Task goal: Copy out the whole listing exactly as given. Skip the pictures.

Material provided:

####

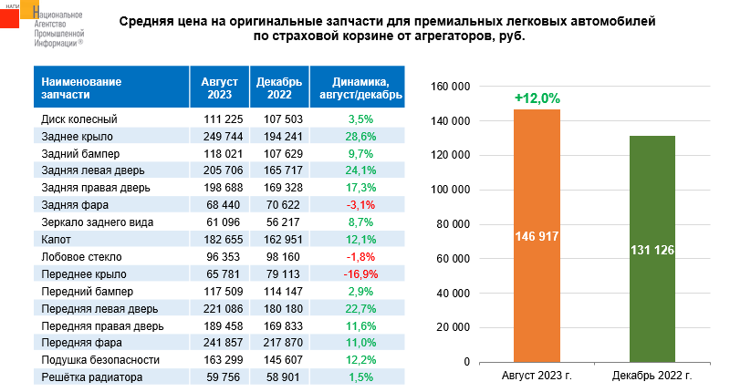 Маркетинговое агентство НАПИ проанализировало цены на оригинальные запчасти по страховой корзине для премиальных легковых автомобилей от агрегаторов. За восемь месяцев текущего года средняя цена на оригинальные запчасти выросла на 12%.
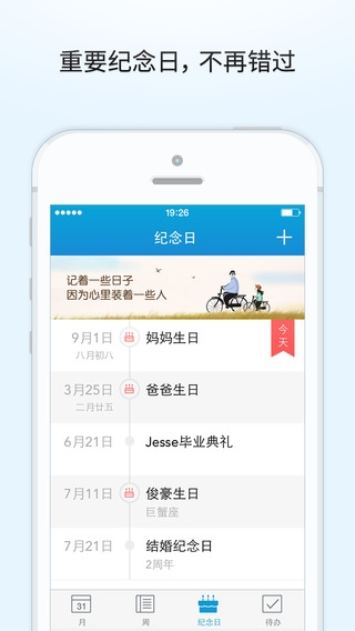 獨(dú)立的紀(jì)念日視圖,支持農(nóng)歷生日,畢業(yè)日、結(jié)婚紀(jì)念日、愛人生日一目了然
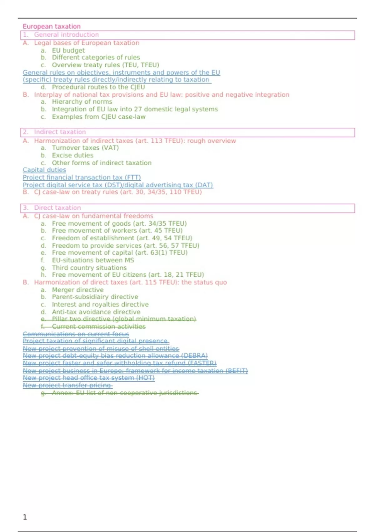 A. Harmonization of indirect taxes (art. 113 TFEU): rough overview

####

Result of this exercise:
 Маркетинговое агентство НАПИ проанализировало цены на оригинальные запчасти по страховой корзине для премиальных легковых автомобилей от агрегаторов. За восемь месяцев текущего года средняя цена на оригинальные запчасти выросла на 12%.
 獨(dú)立的紀(jì)念日視圖,支持農(nóng)歷生日,畢業(yè)日、結(jié)婚紀(jì)念日、愛人生日一目了然
 A. Harmonization of indirect taxes (art. 113 TFEU): rough overview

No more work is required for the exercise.